Robots.txt is a plain text file, by declaring in this file that the site does not want to be accessed by robots, so that some or all of the content of the site may not be included in the search engine, or the designated search engine only contains the specified content.
when a search robot accesses a site, it first checks to see if there is a robots.txt in the root directory of the site, and if so, the search robot will follow the contents of the file to determine the scope of the access, if the file does not exist, then the search robot will crawl along the link.
robots.txt must be placed in the root directory of a site, and the file name must be all lowercase.
Web site URL
the corresponding robots.txt URL
http://www.w3.org/
Http://www.w3.org/robots.txt
http://www.w3.org:80/
Http://www.w3.org:80/robots.txt
http://www.w3.org:1234/
Http://www.w3.org:1234/robots.txt
http://w3.org/
Http://w3.org/robots.txt
2, robots.txt grammar
The
"robots.txt" file contains one or more records that are separated by a blank line (CR,CR/NL,ORNL as The Terminator), and each record is formatted as follows:
":"。
can be annotated using # in this file, using the same methods as the Conventions in UNIX. The records in this file usually start with one or more lines user, followed by several disallow lines, as detailed below:
User:
the value of this entry is used to describe the name of the search engine robot, in the "robots.txt" file, if there are multiple user records stating that more than one robot will be restricted by the protocol, there must be at least one user record for the file.
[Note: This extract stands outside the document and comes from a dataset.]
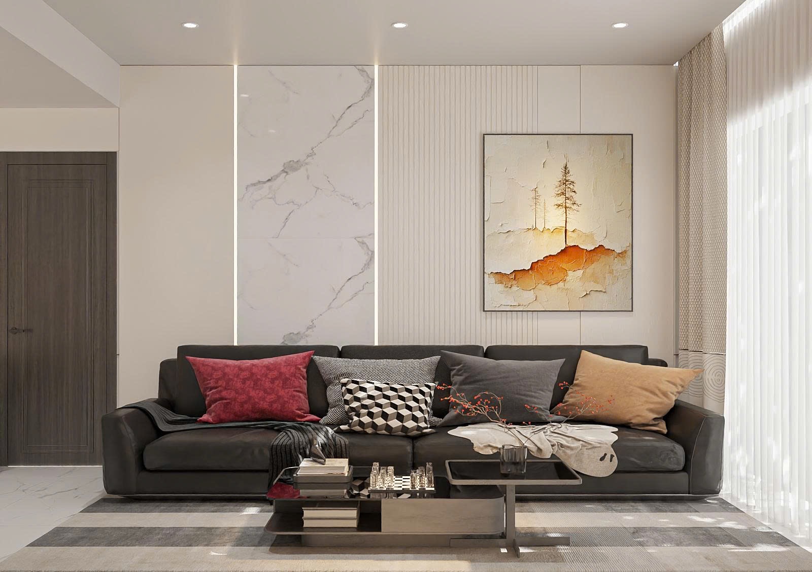 Phòng khách hiện đại với không gian mở giúp căn hộ 80m2 trở nên thoáng đãng.

If the value of the item is set to *, the protocol is valid for any robot, and in the "robots.txt" file, there can be only one record for "user-agent:*".
Disallow:
the value of this entry is used to describe a URL that you do not want to be visited, which can be either a complete path or a partial one, and any URLs that begin with disallow will not be accessed by robot. For example, "Disallow:/help" does not allow search engine access for both/help.html and/help/index.html, while "disallow:/help/" allows robot to access/help.html, not access/help/ Index.html.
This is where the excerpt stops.